• Task goal: Ignoring every picture, return the lines of the listing below word for word, from the line that holds "Pink floral mini" through the line that holds "De 15 octobre".

*** Opening Data for this exercise ***

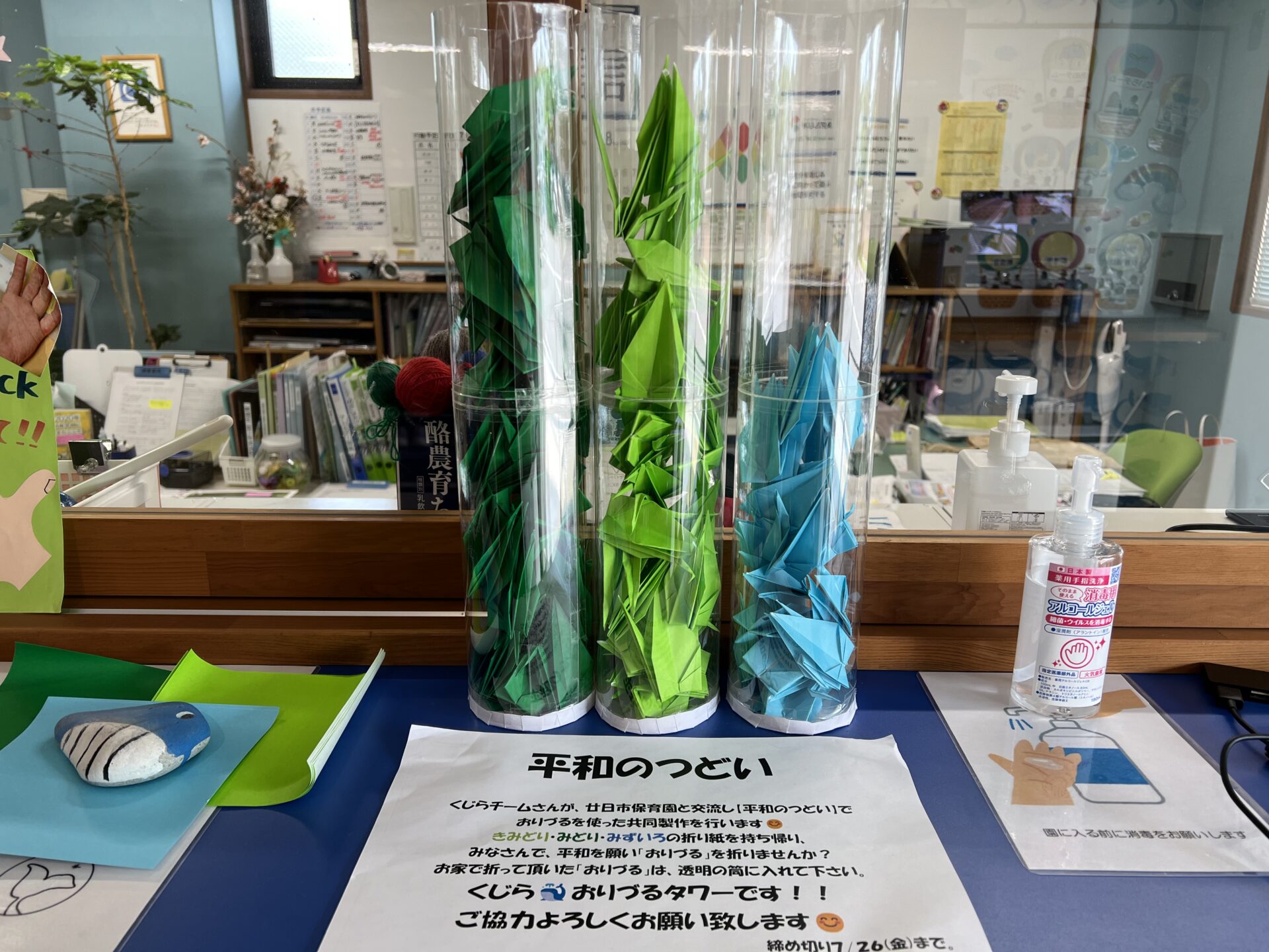そこで、7月某所、事務所の前に【くじら🐳おりづるタワー】を設置することにしました。
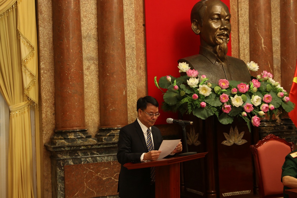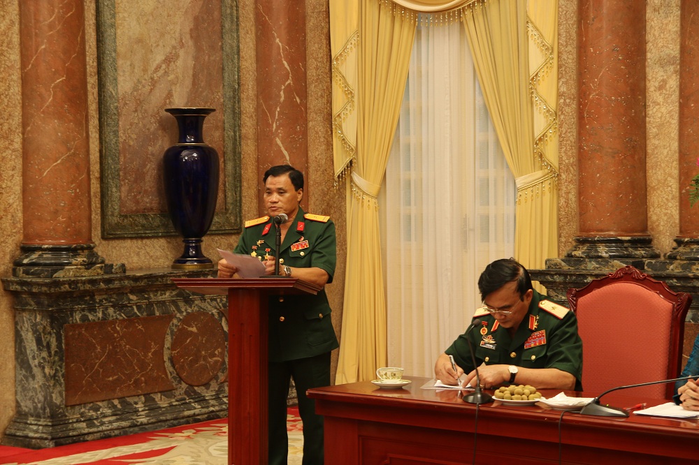 Thiếu tướng Lê Mã Lương báo cáo tình hình hoạt động của Hiệp hội
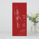 Modern Spara datummeddelanden i Bröllop med vit text på röd bakgrund. En fet design som kombinerar modern inslag med elegantens skripttext. Utformning av Elke Clarke Dedesign ©2011. Fler inbjudningsutformningar finns på www.luxuryweddinginvites.com. En elegant blandning av finare-skript med modernt teckensnitt för bröllop förlovning-annonstexten. Lägg till din personliga bröllop-information med hjälp av anvisningarna eller välj "anpassa" för att ändra färgen i bakgrunden och anpassa din inställning till att spara datumkorten.
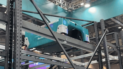 리 원페이(Li Wenfei) 블루스워드 인텔리전트 테크놀로지 세일즈 엔지니어는 “스파이더는 상단에서 수평으로 4방향 주행이 가능하며, 내부에 대상물을 다루는 승강 구조의 ‘피킹 툴(Picking Tool)’을 갖춘 형태”라고 설명했다. 목표 지점에 도달하면 벨트 메커니즘이 하강해 대상물을 끌어올리는 방식이다.
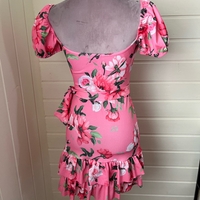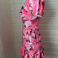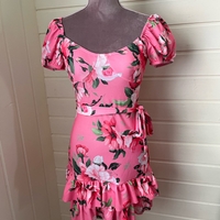 Pink floral mini dress with puff sleeves, ruffle hem, and removable belt.
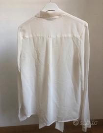 Elegante blusa color panna con un grazioso fiocco sul davanti. Il tessuto leggero la rende perfetta per ogni occasione
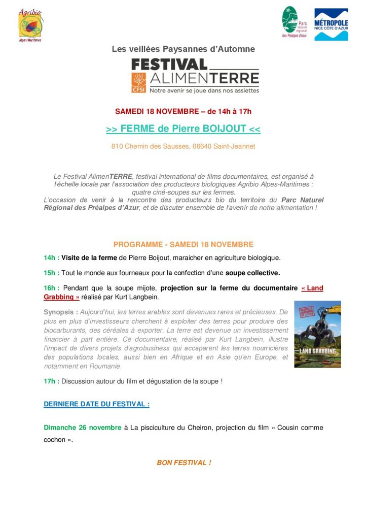 De 15 octobre au 30 novembre, le Festival international de films documentaires ALIMENTERRE s’organise dans les Alpes-Maritimes.
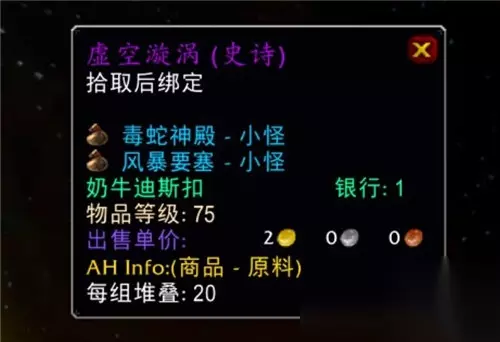 世界BOSS其实掉落不少好东西的,比如风暴之爪,就比卡拉赞匕首要优秀一些,以后新人满级可以去AH直接购入这些装备了,这对快速武装小号非常有帮助。当然第一个CD风暴之爪肯定不会便宜,少说也要上千金。 第四条改动涉及一些材料 P4阶段源生虚空和虚空漩涡会取消灵魂绑定,也就是说,当玩家拾取源生虚空和虚空漩涡后是可以交易的,想一想P2阶段有多少团长因为虚空漩涡分错而自掏腰包的,P4阶段以后再也不用担心这个问题了。另外源生虚空和虚空漩涡可以使用牌子在基厄拉斯处购买,同样是可以自由交易的,这也算是小号的福利吧。
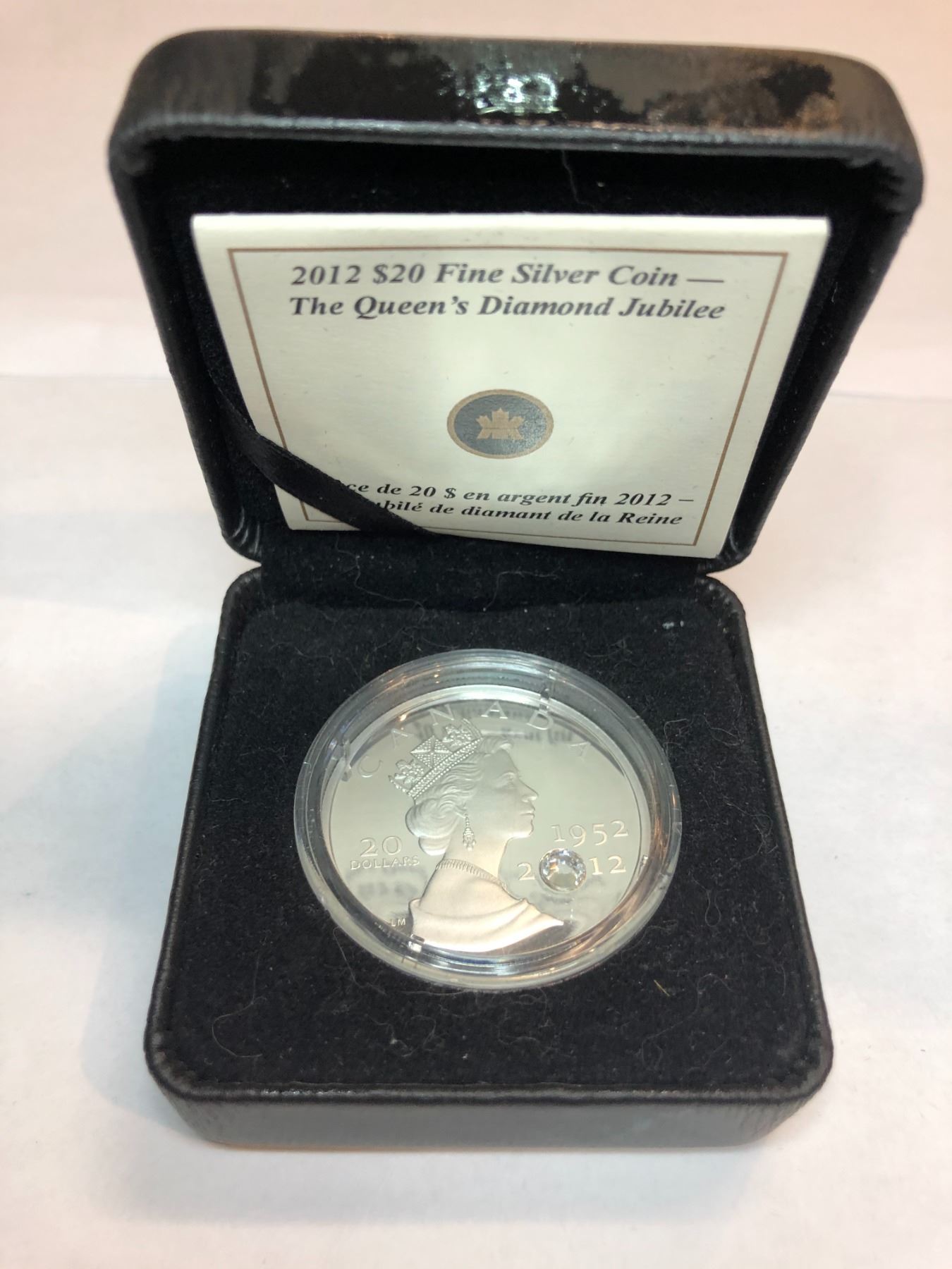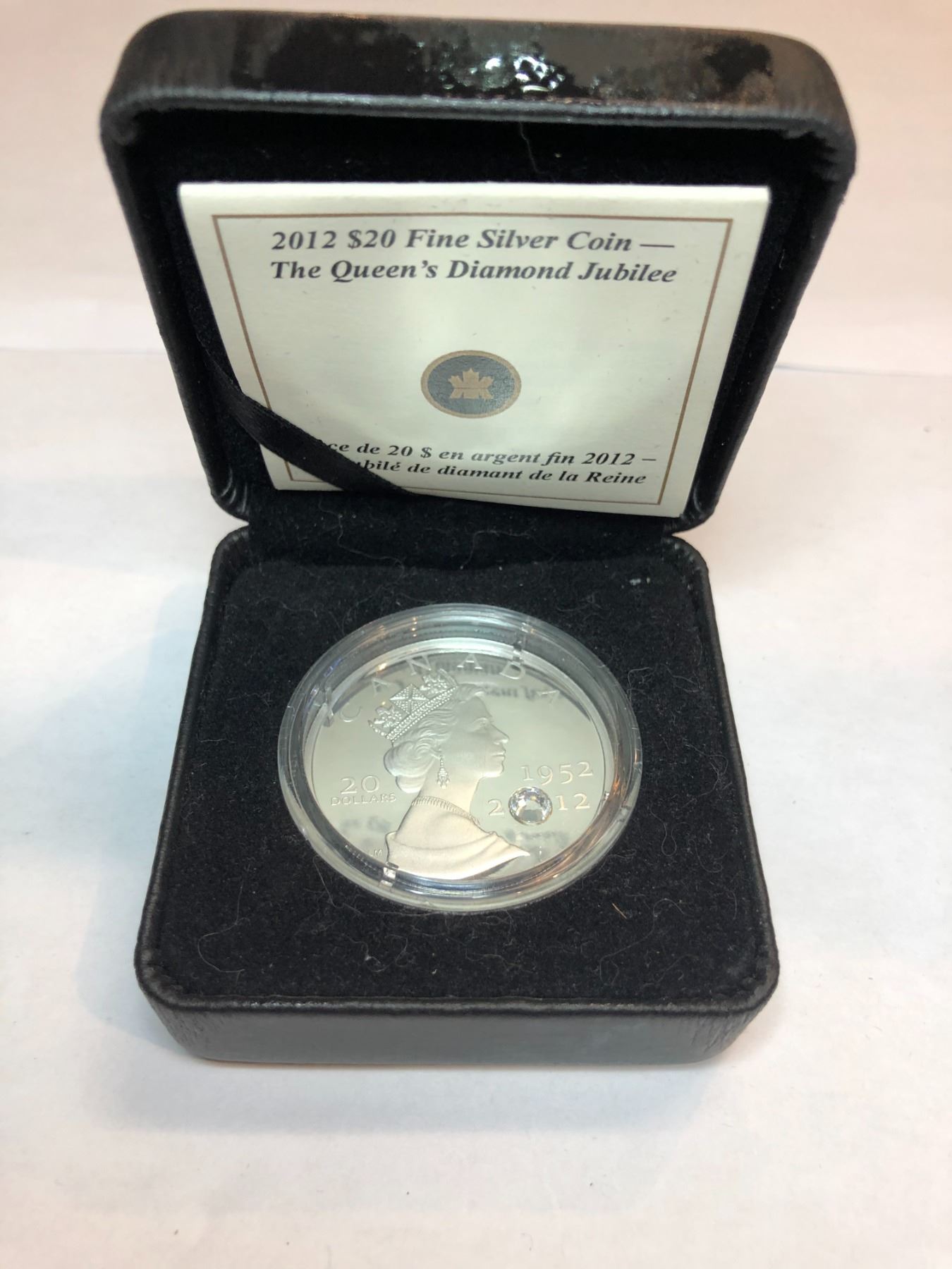 2012 Royal Canadian Mint $20 Fine Silver Coin This $20 coin is 99.99% Fine Silver and weighs 31.39 grams The design features her Majesty Queen Elizabeth II and the years of her majesty's jubilee reign 1952-2012

*** Closing Data for this exercise ***

• Your response:
 Pink floral mini dress with puff sleeves, ruffle hem, and removable belt.
 Elegante blusa color panna con un grazioso fiocco sul davanti. Il tessuto leggero la rende perfetta per ogni occasione
 De 15 octobre au 30 novembre, le Festival international de films documentaires ALIMENTERRE s’organise dans les Alpes-Maritimes.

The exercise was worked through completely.